Listening to music and perceiving its structure is a fairly easy task for humans, even for listeners without formal musical training. For example, we can notice changes of notes, chords and keys, though we might not be able to name them (segmentation based on tonality and harmonic analysis); we can parse a musical piece into phrases or sections (segmentation based on recurrent structural analysis); we can identify and memorize the main themes or the catchiest parts – hooks - of a piece (summarization based on hook analysis); we can detect the most informative musical parts for making certain judgments (detection of salience for classification). However, building computational models to mimic these processes is a hard problem. Furthermore, the amount of digital music that has been generated and stored has already become unfathomable. How to efficiently store and retrieve the digital content is an important real-world problem.|
This dissertation presents our research on automatic music segmentation, summarization and classification using a framework combining music cognition, machine learning and signal processing. It will inquire scientifically into the nature of human perception of music, and offer a practical solution to difficult problems of machine intelligence for automatic musical content analysis and pattern discovery.

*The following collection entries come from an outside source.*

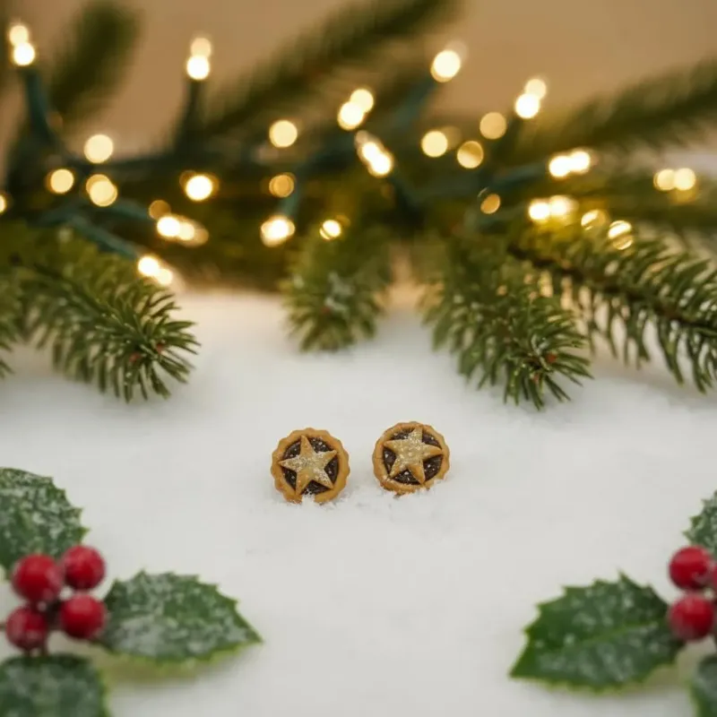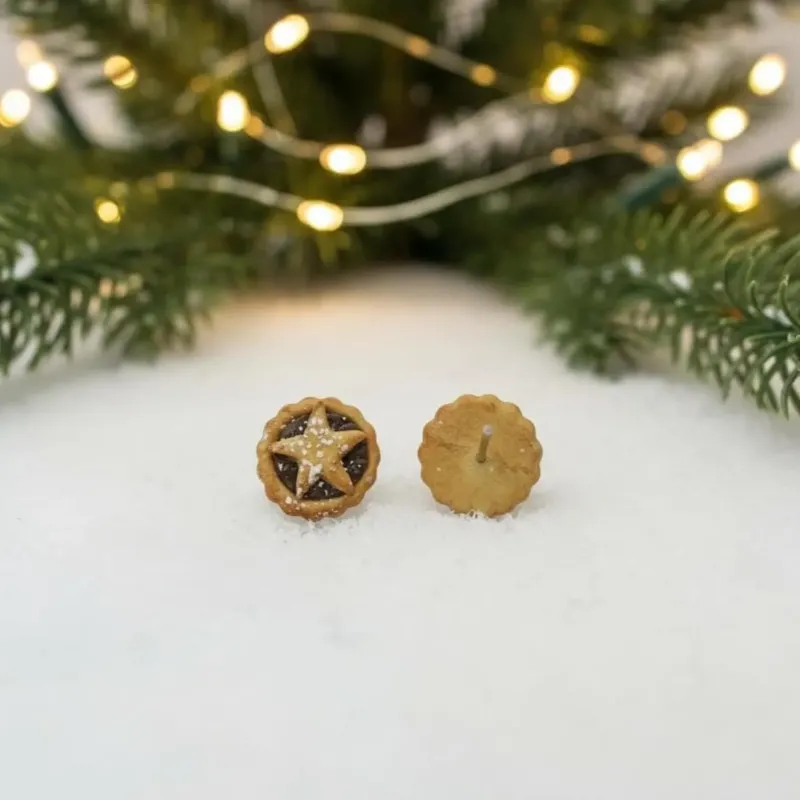 MINCE PIE STUD EARRINGS | Christmas Mince Pies Stud Earrings | Handmade with Polymer Clay | Stocking Filler, Winter, Festive, Gift, Present, Cute
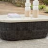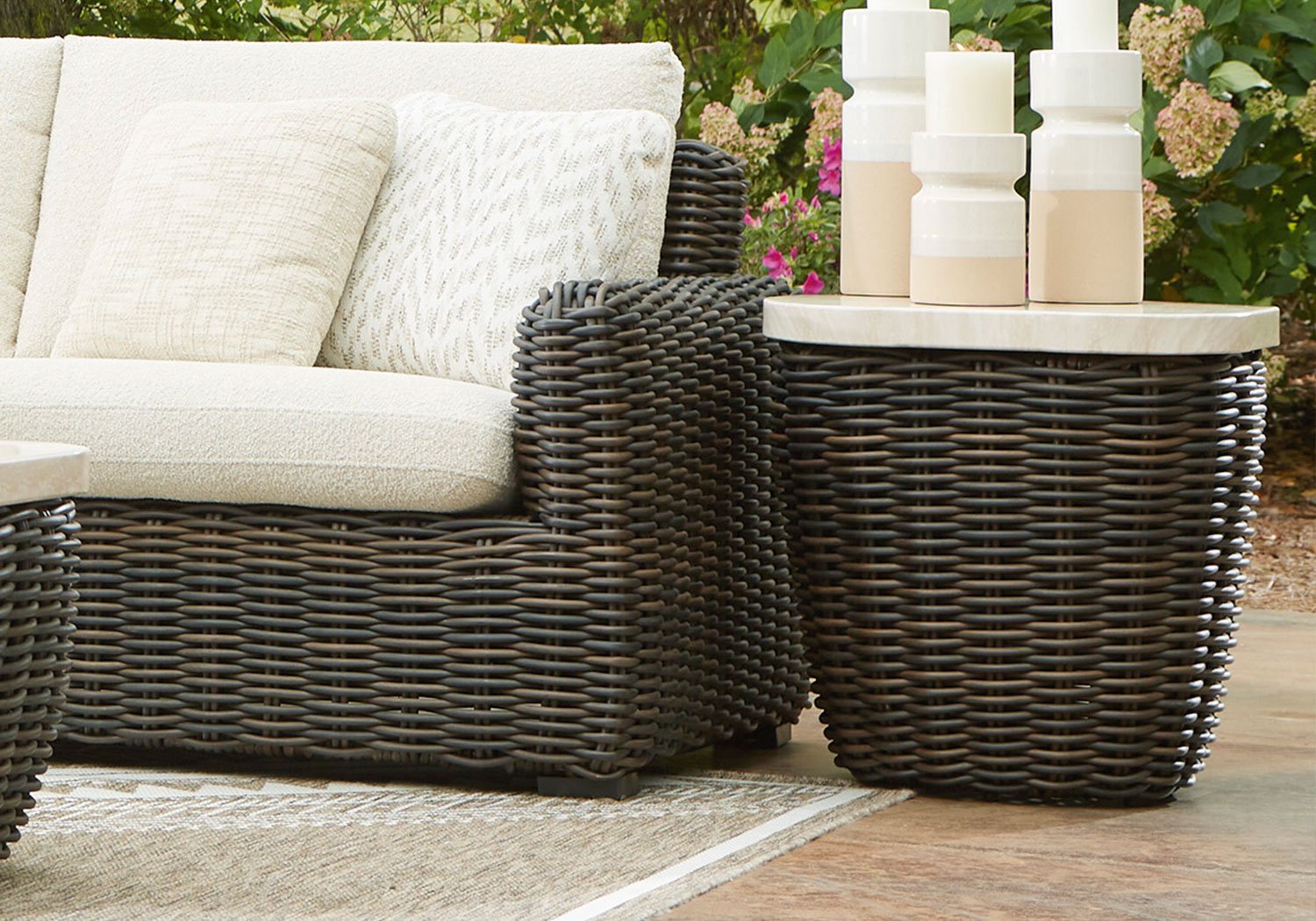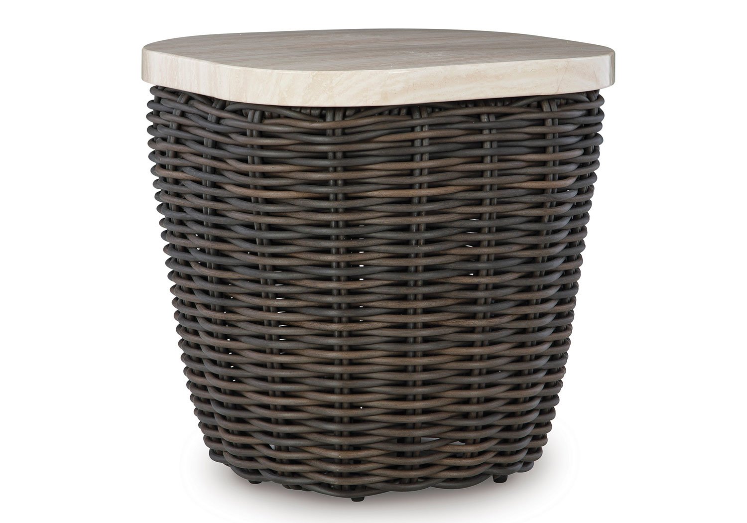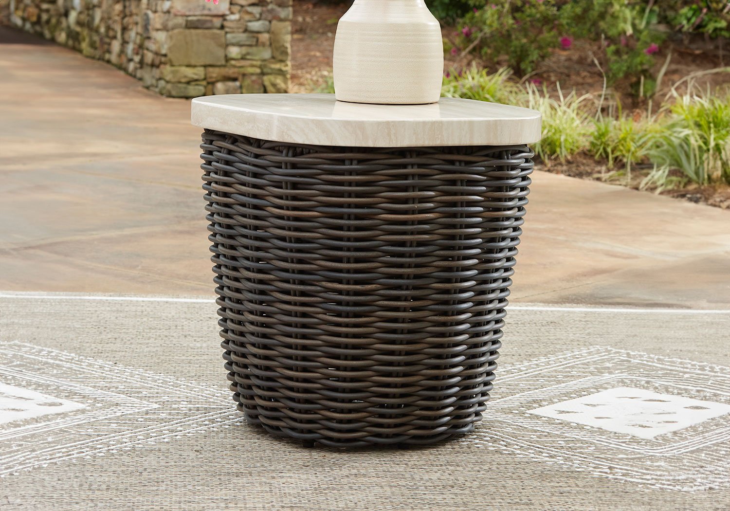 Add luxury, convenience and durability to alfresco fun. This outdoor end table captures the textural beauty of wicker while withstanding the elements, from rain to shine. With its marble-look aluminum top, you can stylishly keep your pool-side drinks or reads in reach.
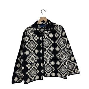 Vintage lagenlook festival southwestern woven button front carpet jacket medium detailed buttons

Specifically, for segmentation, an HMM-based approach will be used for key change and chord change detection; and a method for detecting the self-similarity property using approximate pattern matching will be presented for recurrent structural analysis. For summarization, we will investigate the locations where the catchiest parts of a musical piece normally appear and develop strategies for automatically generating music thumbnails based on this analysis. For musical salience detection, we will examine methods for weighting the importance of musical segments based on the confidence of classification. Two classification techniques and their definitions of confidence will be explored. The effectiveness of all our methods will be demonstrated by quantitative evaluations and/or human experiments on complex real-world musical stimuli.